::: INPUT FOR THIS TASK :::

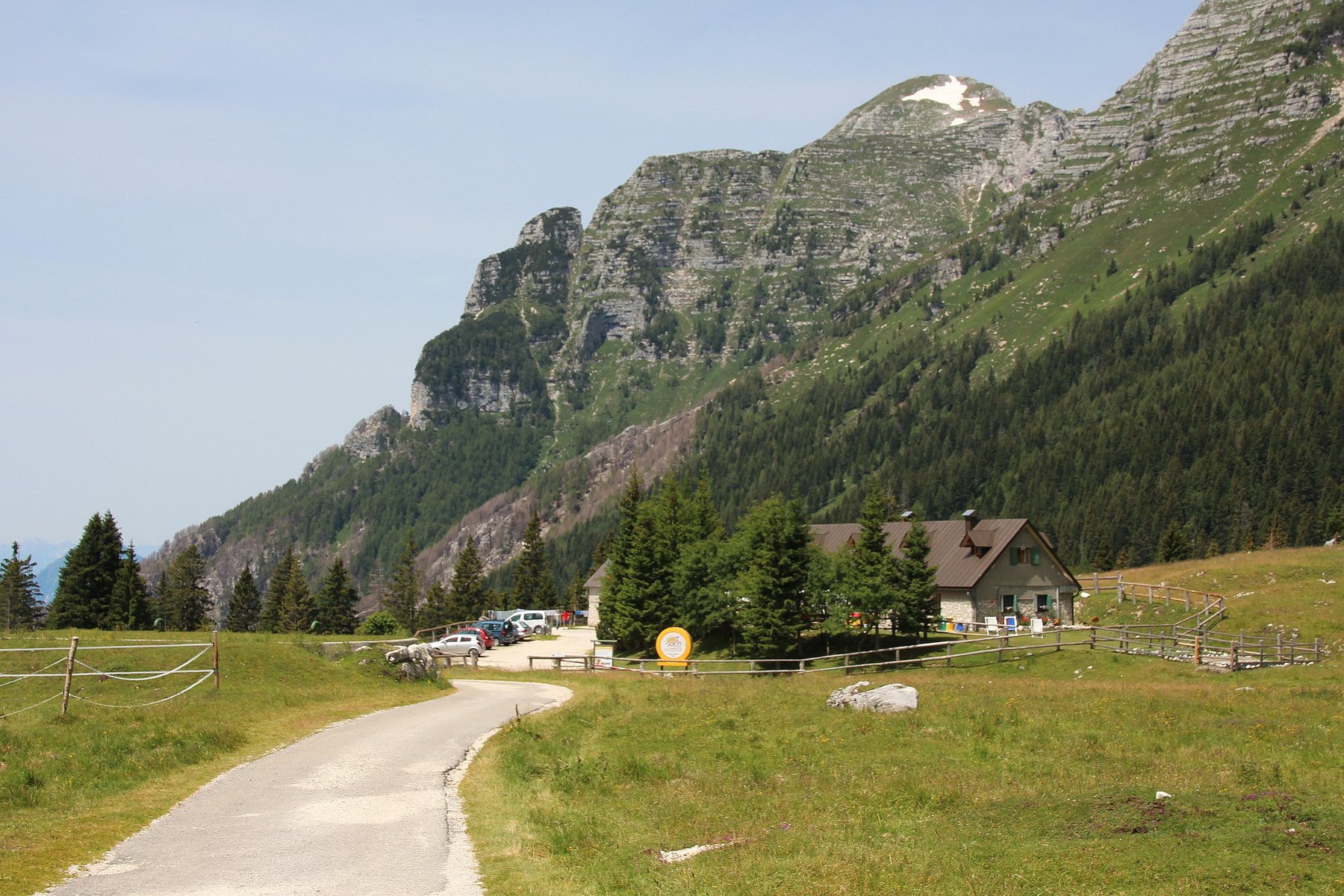 Vrnemo se na cesto, ki vodi na sedlo V Žlebeh – Sella Nevea. Tako lepa je ta pot, ki vodi po severni strani jezera. Kmalu smo na sedlu, ki so mu namerili 1190 metrov nad morjem (slika 3). Od tu pelje gondola za kombinirano smučišče Kanin. Ko se cesta v pravokotnem ovinku usmeri levo v naselje, bodimo pozorni. Tu mi zavijemo desno in se po oznaki za Planino Pecol – Alt. del Montasio zapeljemo po 6 km dolgi asfaltni cesti. Ta se na začetku strmo dviga. Kmalu pred seboj uzremo čudovit prizor (slika 4 – parkirišče). Nahajamo se na parkirišču, na višini okoli 1550 m. n. v. Tu mnogokrat ne prešteješ avtomobilov s slovenskimi tablicami. Pred nami se razteza Planina Pecol in nad njo mogočno pogorje Špika nad Policami – Montaža – 2752 m. n. v. Tako lepega prizora ne doživimo vsak dan ali pa vsaj ne pogosto. Če ste vezani na voziček, je tu izjemna lokacija, da uživate v pravih hribih.
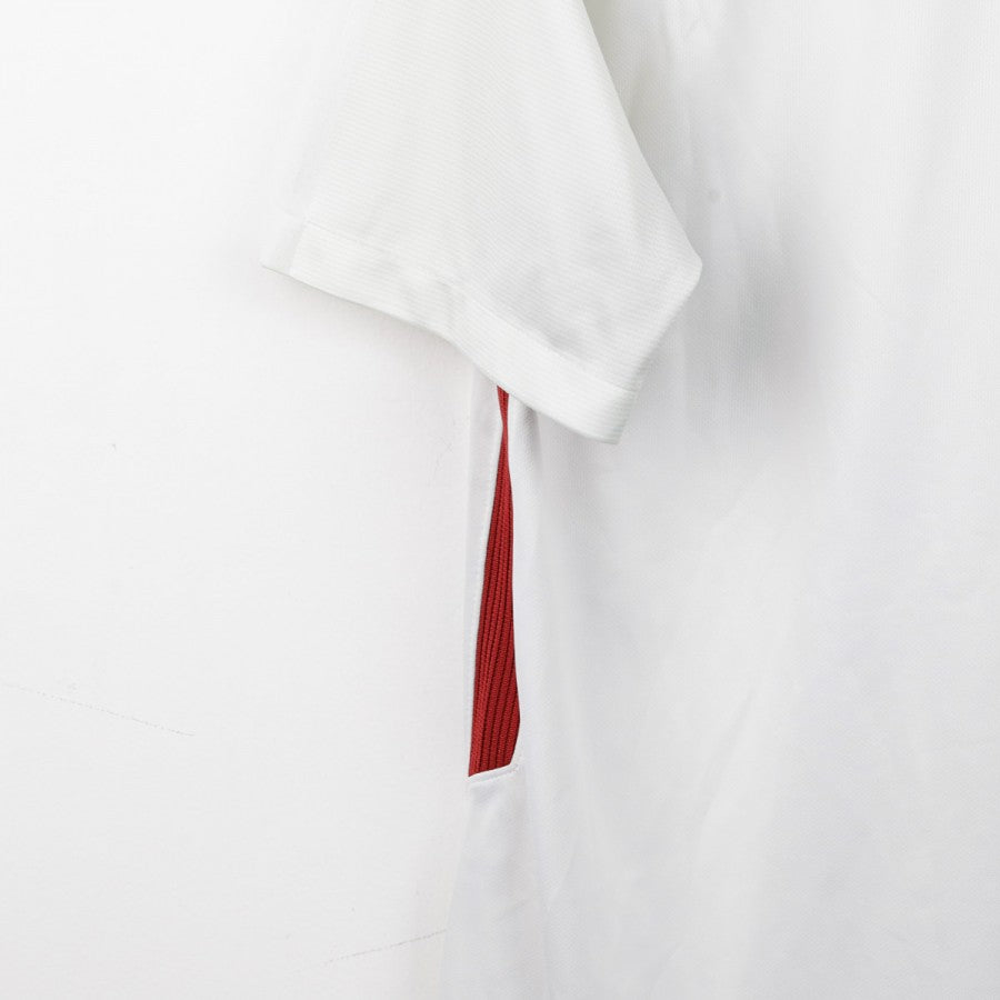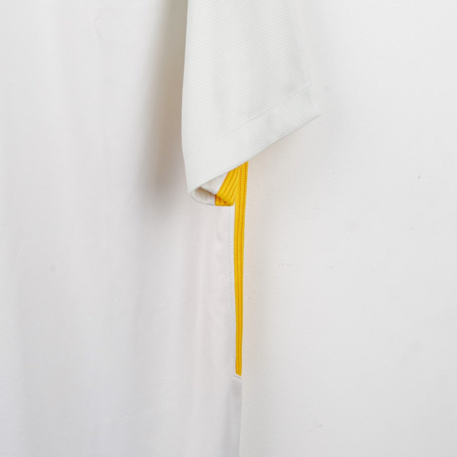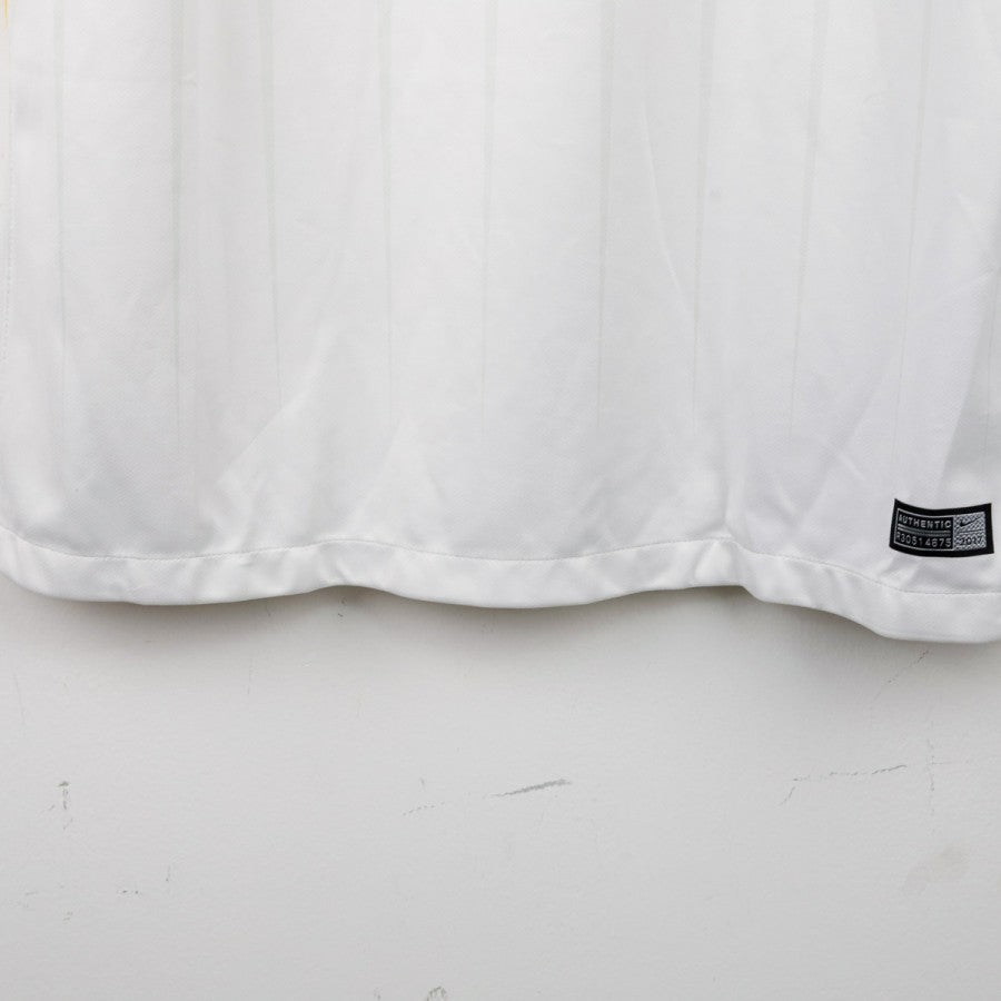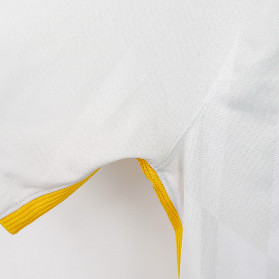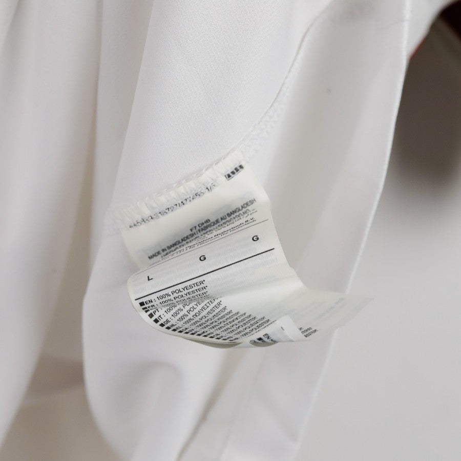 Maglia Away Roma Nike 2017/2018, taglia L, realizzata dallo sponsor tecnico Nike in elegante bianco con dettagli giallorossi su spalle e fianchi. Sul petto sono presenti lo stemma dell'AS Roma e lo swoosh Nike, mentre all'interno del colletto è riportata la scritta “ROMA SIAMO NOI”, emblema dell'identità romanista. Il design sobrio e moderno contraddistingue questa divisa da trasferta utilizzata durante la stagione 2017/18, un'annata storica in cui la Roma, allenata da Eusebio Di Francesco, raggiunse una straordinaria semifinale di Champions League, eliminando il Barcellona con una delle rimonte più memorabili della storia del club.
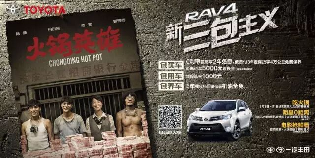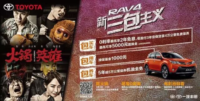 听说还有包吃包看电影的好事儿?即日起只要您进店赏车试驾RAV4就有机会获得《火锅英雄》电影票以及美食劵!近期一汽丰田RAV4与4月即将上映的电影《火锅英雄》深度合作,电影免费看、美食肆意享,当然精彩活动不仅只有看电影吃火锅!一汽丰田RAV4推出了全新的购车大礼:“新三包主义”超值礼包!即日起至4月30日让选购RAV4的消费者得到“包买车”、“包用车”、“包养车”的全新超值体验!让您猴年购RAV4无压力,电影看得爽,火锅吃的香!
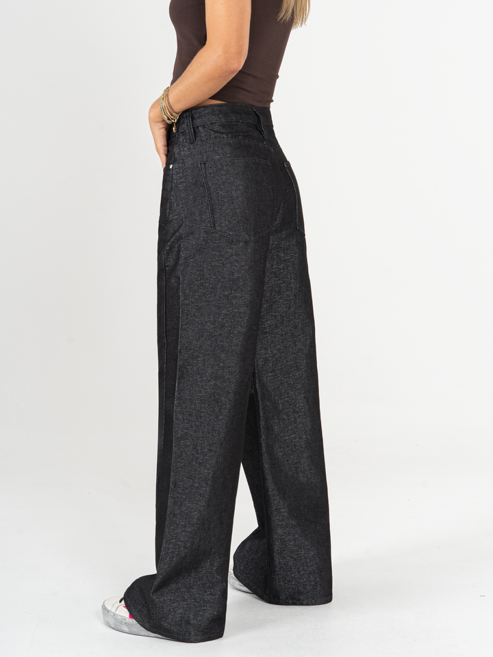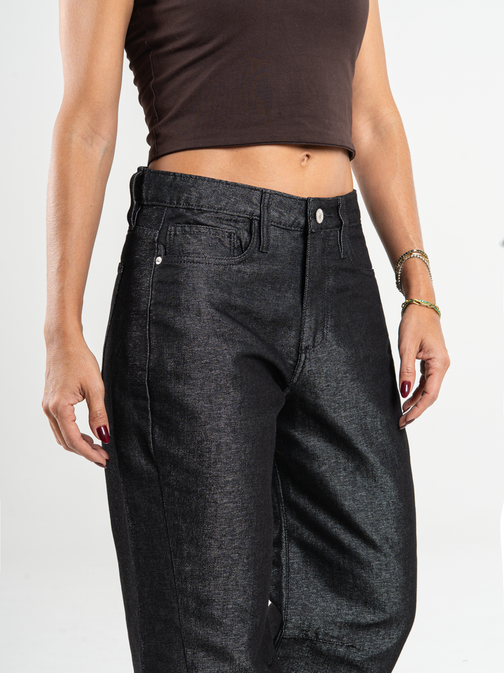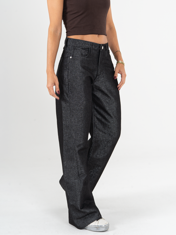 Jean wide leg, tiro medio, detalle de tela con brillo, rígido, tono negro, diseño 5 bolsillos, cintura ajustada y silueta amplia de pierna recta.
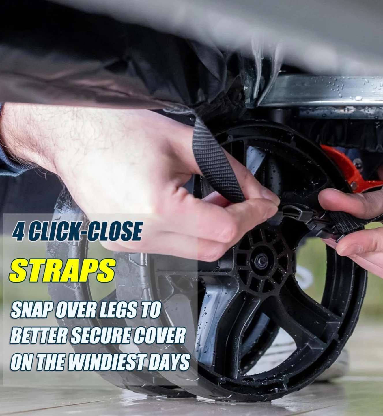 Made of 600D polyester canvas complex with waterproof backing. Tough enough to keep rain, hail, snow, dust, leaves and bird droppings away.
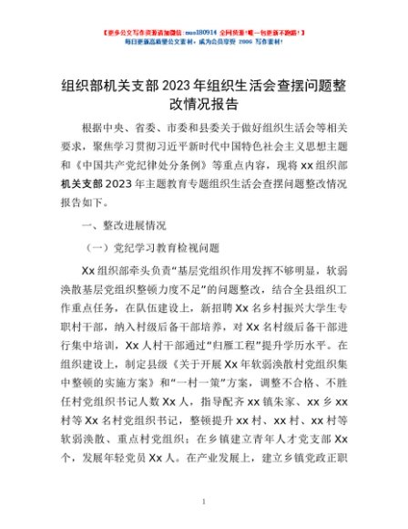 / 组织部机关支部2023年组织生活会查摆问题整改情况报告

:::

● TASK ITEM: Give again, unchanged, only the lines from the line containing "Jean wide leg, tiro" to the last line of the records above. Pictures do not belong in the copy.

● EXPECTED ANSWER:
 Jean wide leg, tiro medio, detalle de tela con brillo, rígido, tono negro, diseño 5 bolsillos, cintura ajustada y silueta amplia de pierna recta.
 Made of 600D polyester canvas complex with waterproof backing. Tough enough to keep rain, hail, snow, dust, leaves and bird droppings away.
 / 组织部机关支部2023年组织生活会查摆问题整改情况报告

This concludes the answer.